Relief was finally granted by Notification No. 30/2018-CT (R) dated 31st December, 2018 by way of addition of an explanation against the entry above stating that nothing contained therein would apply to multimodal transport services "other than by way of transport of goods from a place in India to another place in India". The scope of the entry, therefore, has now been considerably restricted to transportation of goods within the territory of India, to the cogent exclusion of import as well as export consignments. It is of particular note that the notification is published under section 11(3) of the Central Goods and Services Tax Act, 2017 which reads as under:

"The Government may, if it considers necessary or expedient so to do for the purpose of clarifying the scope or applicability of any notification issued under sub-section (1) or order issued under sub-section (2), insert an explanation in such notification or order, as the case may be, by notification at any time within one year of issue of the notification under sub-section (1) or order under sub-section (2), and every such explanation shall have effect as if it had always been the part of the first such notification or order, as the case may be."

From the above, it is clear that every explanation inserted in a notification shall have retrospective application- a move that provides relief to the industry which had largely adopted the practice of maintaining existing individual rates and refraining from charging the composite rate of 12%. Curiously however, Notification No. 30/2018-CT (R) dated 31st December 2018, clause 3 itself provides for the effective date of the insertion to be 1st January, 2019. It appears, therefore, that the aforesaid notification has been issued contrary to the very provision under which it has been issued i.e. section 11(3) of the CGST Act. The Act contemplates retrospective application for every such explanation inserted in a notification inasmuch as it is to take effect from the date of the original notification.
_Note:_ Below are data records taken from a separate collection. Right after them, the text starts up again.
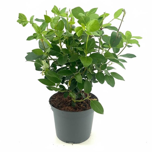 Viburnum tinus ‘Eve Price’, der Lorbeerschneeball (botanisch Laurustinus), ist ein immergrüner Blütenstrauch, der mit seinem dichten, rundlich-kompakten Wuchs und glänzend dunkelgrünem, lederartigem Laub ganzjährig Struktur in den Gartenstrauch-Bestand bringt. Bereits im Spätherbst zeigen sich roséfarbene Knospen, aus denen sich von Winter bis ins Frühjahr zahlreiche weißliche Blütenschirme entwickeln; die zart duftenden Blüten kontrastieren elegant mit dem Laub und werden im Anschluss oft von attraktiven, metallisch blau-schwarzen Früchten begleitet. ‘Eve Price’ bleibt angenehm kompakt und eignet sich dadurch hervorragend als Zierstrauch für den Vorgarten, als Solitär im Beet, für Gruppenpflanzungen und als niedrige, formschöne Heckenpflanze. In großen Kübeln verschönert der immergrüne Schneeball Terrasse, Balkon oder den Eingangsbereich und überzeugt als pflegeleichte Kübelpflanze mit hoher Schnittverträglichkeit und guter Formbarkeit. Der ideale Standort ist sonnig bis halbschattig, möglichst warm und windgeschützt; in milden Lagen zeigt sich die Sorte besonders zuverlässig. Der Boden sollte durchlässig, humos und gleichmäßig frisch sein, Staunässe ist zu vermeiden. Eine Frühjahrsgabe Langzeitdünger unterstützt Blühfreude und Vitalität, ein leichter Rückschnitt nach der Blüte hält den Blütenstrauch kompakt. In kühleren Regionen ist Winterschutz empfehlenswert, vor allem im Kübel, wo eine isolierende Unterlage und ein geschützter Platz an der Hauswand vorteilhaft sind. Mit ihrer langen Blütezeit, dem eleganten immergrünen Laub und der vielseitigen Verwendbarkeit ist Viburnum tinus ‘Eve Price’ eine wertvolle Wahl für stilvolle, ganzjährig ansprechende Garten- und Terrassengestaltungen.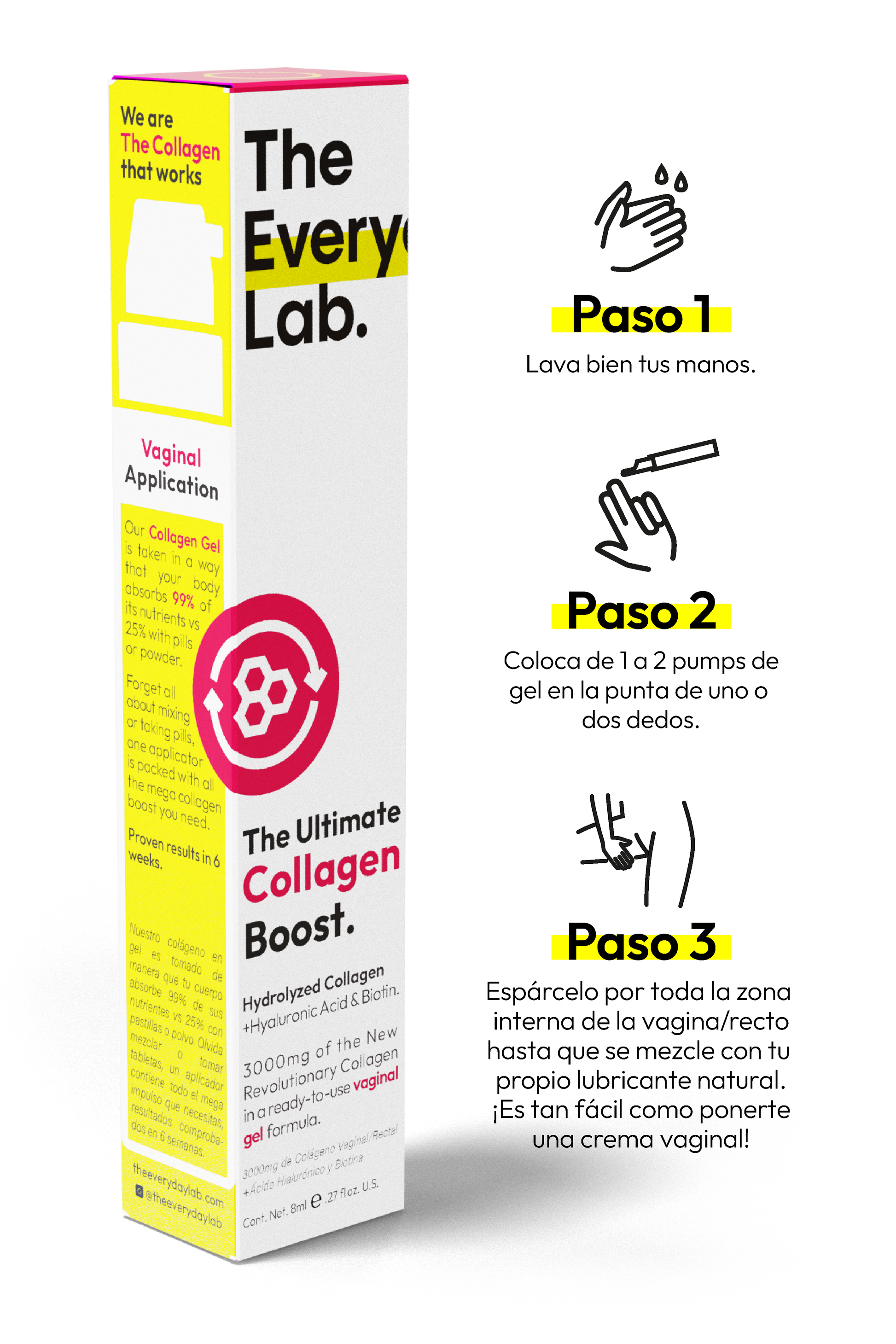 Me encanta este colágeno, voy por mi tercer kit. Yo creo que funciona mejor usando ambos, el oral y el vaginal. Siento la piel divina, con otros colágenos en polvo no me pasó lo mismo y me caían pesados.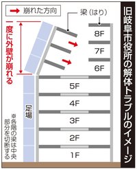 旧庁舎解体トラブル「工程に問題」岐阜市と業者認める 同業者「なぜ、理解できない」 社会 政治・行政 2023年3月10日 07:58 解体工事が中断した岐阜市旧本庁舎。写真左側(南側)3層の壁と梁の一部が内側に倒れた=9日午前10時57分、同市今沢町 岐阜市役所旧本庁舎の解体工事で発... 残り1110文字(全文:1127文字) この記事をお読みいただくには「デジタルプラン」または「宅配+デジタルプラン」の会員登録が必要です。無料会員の方はログインしてマイページからコース変更してください。デジタルプランまたは宅配+デジタルプランをご登録中の方はログインしてください。 岐阜新聞デジタル会員に登録すると 無料会員向け記事が読める ニュースレターで最新情報が受け取れる デジタルプラン、宅配+デジタルプランなら Webオリジナルコンテンツが読める 紙面ビューアが読める チケットの先行発売に参加できる お得なクーポンが使える 新規登録ページ ログインページ トップ 岐阜のニュース 社会 旧庁舎解体トラブル「工程に問題」岐阜市と業者認める 同業者「なぜ、理解できない」 関連記事 旧庁舎解体中、3層同時に倒れる不適切事案 岐阜市「建物内側、問題ない」 柳ケ瀬「旧長崎屋」岐阜市が用地取得へ 広場整備向け建物解体 もうすぐ見納め、ソーラーアークの裏側 社名ロゴも外され、解体間近か 岐阜・安八町 岐阜市旧庁舎跡地はオープンスペース、民設民営で長期活用 旧南庁舎はスケジュール遅れ 岐阜県内各地で積雪、飛騨市神岡町では25センチ 岐阜市、今季一番の寒さ おすすめ記事 【名将流儀】センター返しこそ真理 岐阜大会安打数記録チームをどう育てたか 太田郁夫さん【ぎふ高校野球】 勤務先の高校トイレで盗撮容疑、40代教諭を逮捕 岐阜羽島署 岐阜県内各地で積雪、飛騨市神岡町では25センチ 岐阜市、今季一番の寒さ 国政に物おじせぬ言動【岐阜市長2期目 柴橋正直氏の現在地】(上)政治家として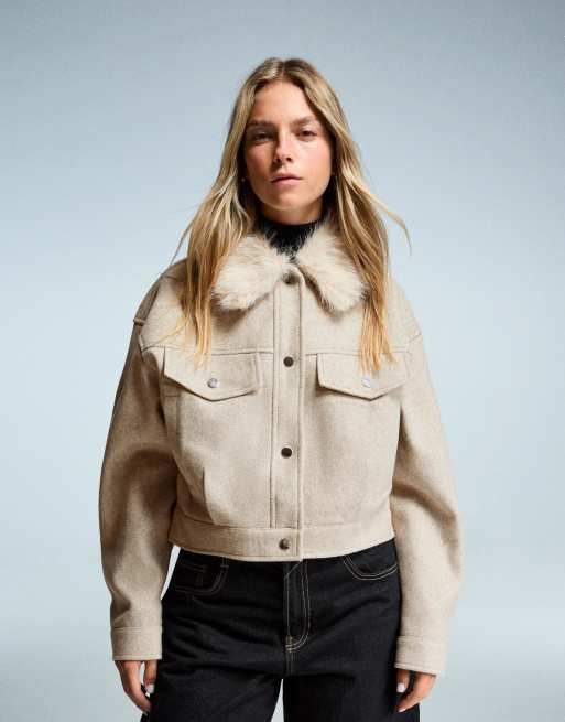 Bershka – Weiche Truckerjacke in Beige mit Kunstpelzkragen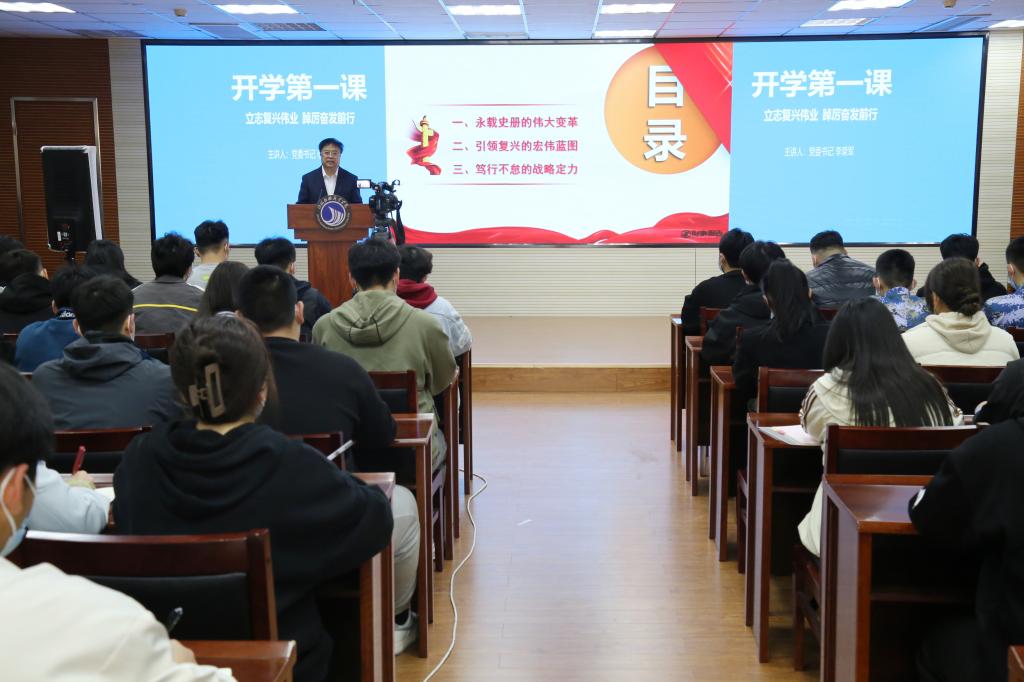 “開(kāi)學(xué)第一堂思政課”活動(dòng)由思政教研部主任王日升主持。他要求同學(xué)們充分認(rèn)識(shí)到:中國(guó)共產(chǎn)黨百年來(lái)團(tuán)結(jié)帶領(lǐng)中國(guó)人民所進(jìn)行的一切奮斗,就是為了把我國(guó)建設(shè)成為現(xiàn)代化強(qiáng)國(guó),實(shí)現(xiàn)中華民族偉大復(fù)興。“厚植家國(guó)情懷、涵養(yǎng)進(jìn)取品格,以?shī)^斗姿態(tài)激揚(yáng)青春,不負(fù)時(shí)代、不負(fù)韶華”是新時(shí)代大學(xué)生的使命擔(dān)當(dāng)。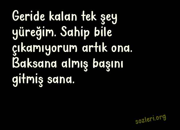 Geride kalan tek şey yüreğim. Sahip bile çıkamıyorum artık ona. Baksana almış başını gitmiş sana. ( İlginç Sözler )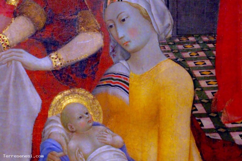 In questo polittico della “Natività della Vergine” è rappresentato un ambiente domestico della Siena di allora, con una buona dose di fantasia che rende la realtà quotidiana ancora più fiabesca. Una sorta di “Buon Governo” della famiglia, dove tutto è documentato dettagliatamente e sta esattamente al suo posto: ricchi, poveri, servi, infanti e visitanti.
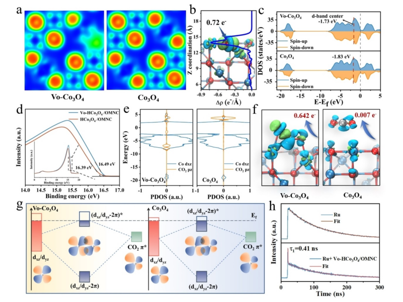 2的光還原。原位光譜和從頭算分子動力學(xué)模擬表明,構(gòu)建的氧空位能夠打破Co-O-Co位點的局部結(jié)構(gòu)對稱性。不對稱活性位點的形成將CO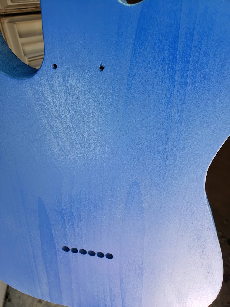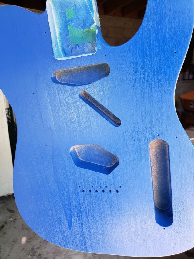 My cousin suggested that I wet-sand without the soap, but cautioned that the soap is likely embedded in the dried paint at this point. So, I sanded the body back down to the wood last fall, and I’m applying paint with a brush. It does not look as good, but I make much quicker progress this way.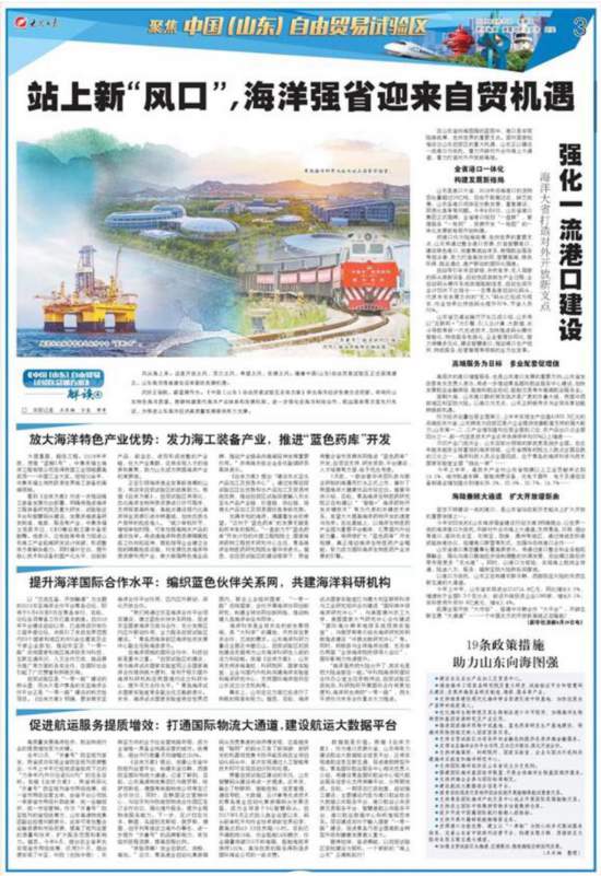 风好正扬帆,蔚蓝展作为。《中国(山东)自由贸易试验区总体方案》突出海洋经济发展方式创新,将依托山东特色海洋资源,围绕构建现代海洋产业体系和发展机制,进一步强化在海洋科技合作、航运服务等方面先行先试,为推进山东海洋经济高质量发展提供有力支撑。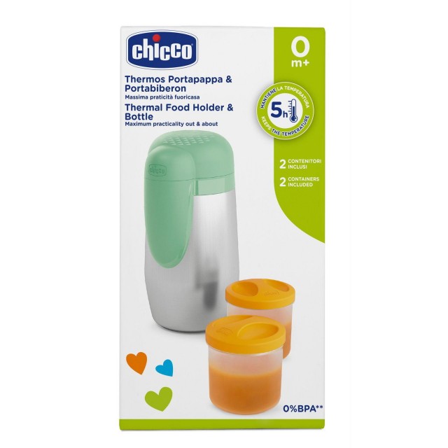 - Chicco držač flašica i hrane za bebe napravljen od nerđajućeg čelika, omogućava Vam da flašicu iz kolekcije Chicco NaturalFeeling i hranu za bebe ponesete van kuće sa sobom, održavajući temeperaturu sadržaja od 2 do 5 časova. Termos za flašice I hranu garantuje maksimalnu udobnost kada dete treba da nahranite van kuće zahvaljujući dvema praktičnim posudama zapremine od 250ml (za kačice I supice). Kao dodatak tu je I jedan praktični džep za držanje dečjeg escajga sa poklopcem koji može da posluži kao tanjirić. Kada dete prestane da sisa može da se koristi kao normalan termos za nošenje čvrste hrane, hladne ili tople, kao I za sveže napitke za celu porodicu.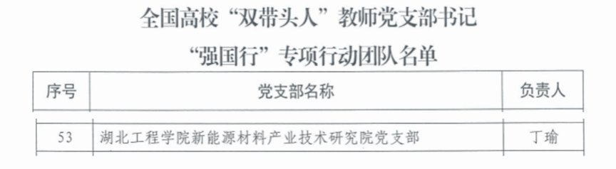 近日,教育部思想政治工作司公布了全国高校“双带头人”教师党支部书记“强国行”专项行动团队名单,我院太阳集团网站8722新能源材料产业技术研究院党支部成功入选。此次入选,是我校基层党组织首次入选全国“强国行”团队,也是学校高质量党建引领事业高质量发展的重要成果,为学校基层党支部标准化规范化建设提供了样板和示范。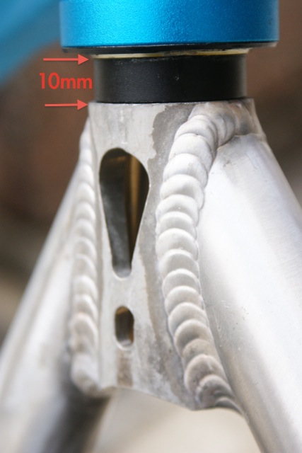 當你先買車架(他牌),她有本來應該配的前叉長度...例如,MONTY 221 Kamel必須配384的前叉並且他是半隱藏式頭碗,這時候問題就來囉!!市面上沒有制式規格的前叉...這時候用貓叉加墊圈就搞定了,沒加以前!!車根本不能騎,因為太""趴""了。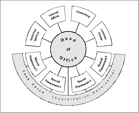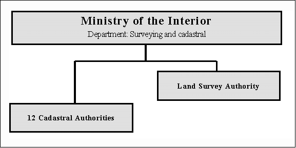 The multi-step hierarchy structure of authorities was cut back for the benefit of only 1 organization level-departments. The departments are the only organizational units. For example the Land Survey authority is with 400 employees structured as follows [Kummer 1999a]: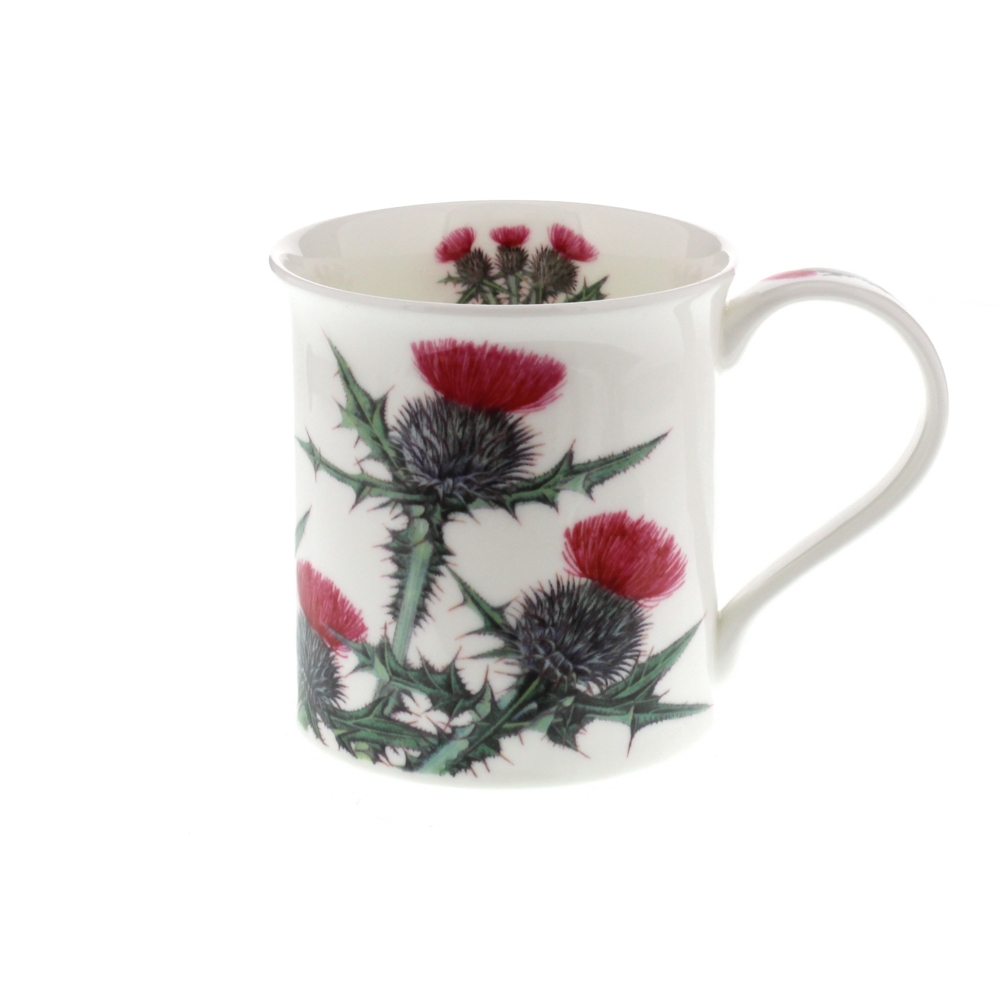 Dunoon fine bone china mugs are handcrafted in Staffordshire, England. They are produced to the highest quality using traditional methods which have been developed and refined over 3 family generations in the pottery industry The Bute shape holds 0.3l and is a traditional straight sided mug with a flare at the top. The comfortable handle makes it easy to hold. With eye-catching purple heads and a prickly body, this thistle is beautifully drawn by botanical artist, Kathy Pickles.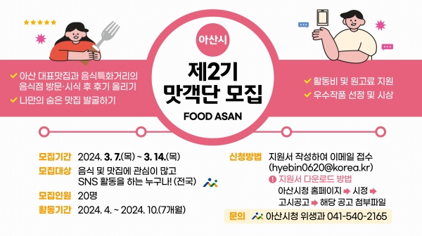 [충청뉴스큐] 아산시는 오는 3월 7일부터 14일까지 시민과 관광객에게 아산의 맛집을 알리고 음식문화를 홍보하는 ‘제2기 아산시 맛객단’을 모집한다.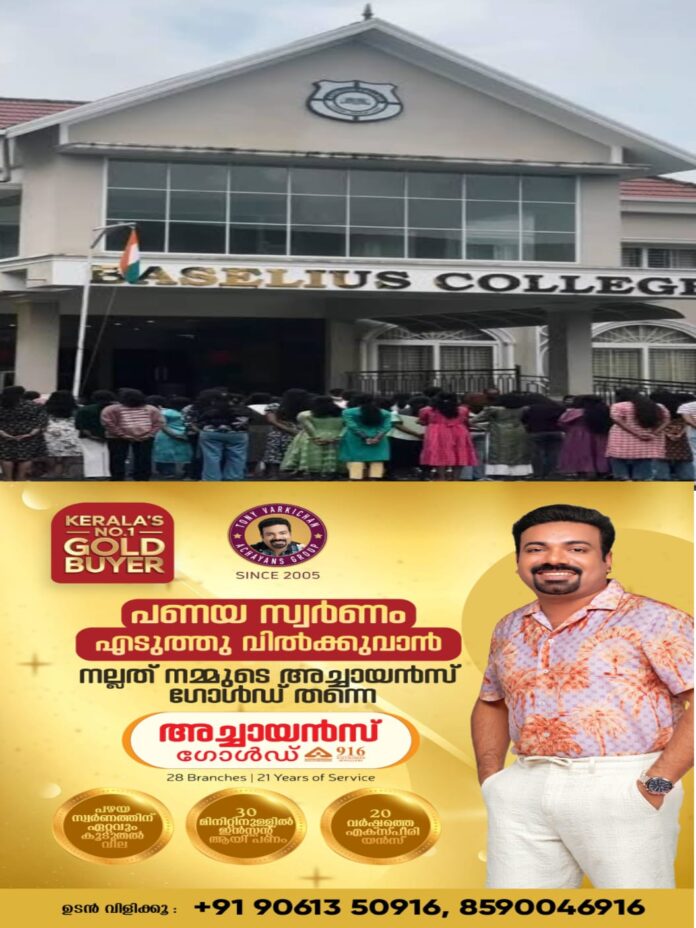 കോട്ടയം : കേരളപ്പിറവി ദിനാഘോഷത്തിന്റെയും മലയാളഭാഷാവാരാഘോഷത്തിൻ്റെയും ഭാഗമായി ബസേലിയസ് കോളജ് മലയാളവിഭാഗത്തിന്റെ ഹൈസ്കൂൾ-ഹയർസെക്കൻ്ററി വിദ്യാർത്ഥികൾക്കായി നവംബർ 1 ശനിയാഴ്ച രാവിലെ 9.30 മുതൽ 4.30 വരെ കലാസാഹിത്യശില്പശാലയായ ‘അക്ഷരക്കൂട്ട്’ നടത്തും.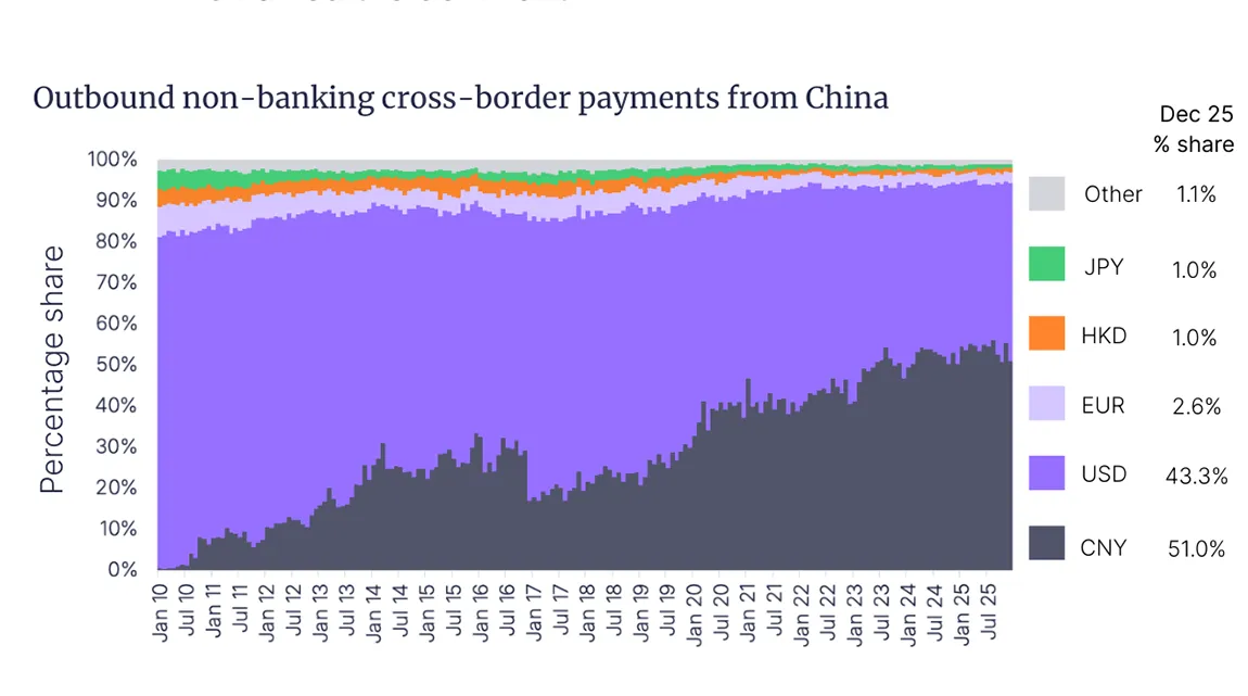 Monthly data published by China’s State Administration of Foreign Exchange on outbound and inbound non-bank cross-border payments shows that use of the yuan has climbed significantly over the past few years, and now accounts for the majority of transactions in both directions.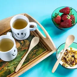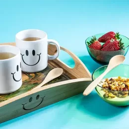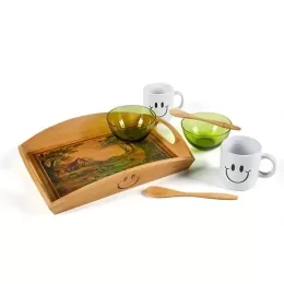 DESCRIÇÃO: Kit para café da manhã. Conta com bandeja e duas colheres em bambu, duas xícaras em cerâmica e duas tigelas de vidro.

Notification No. 30/2018-CT (R) may, therefore, be rendered ultra vires the Act, to the extent that it prescribes the date of its applicability to be from 1st January, 2019. And same would be fate of the analogous notifications31/2018-IT(R) and 30/2018-UTT(R).

Perhaps, it was a copy paste devil as all the rate notifications issued on 31st December 2018, namely 24/2018-CTR to 30/2018-CTR and those under IGST Act, 2017 and UTGST Act, 2017 carry the following identical line as its last clause viz. "This notification shall come into force on the 1st January, 2019."

Be that as it may, the transporters who have already charged the higher rate of 12% on multimodal transportation contracts may consider the possibility of issuing a credit note to reduce the differential GST charged.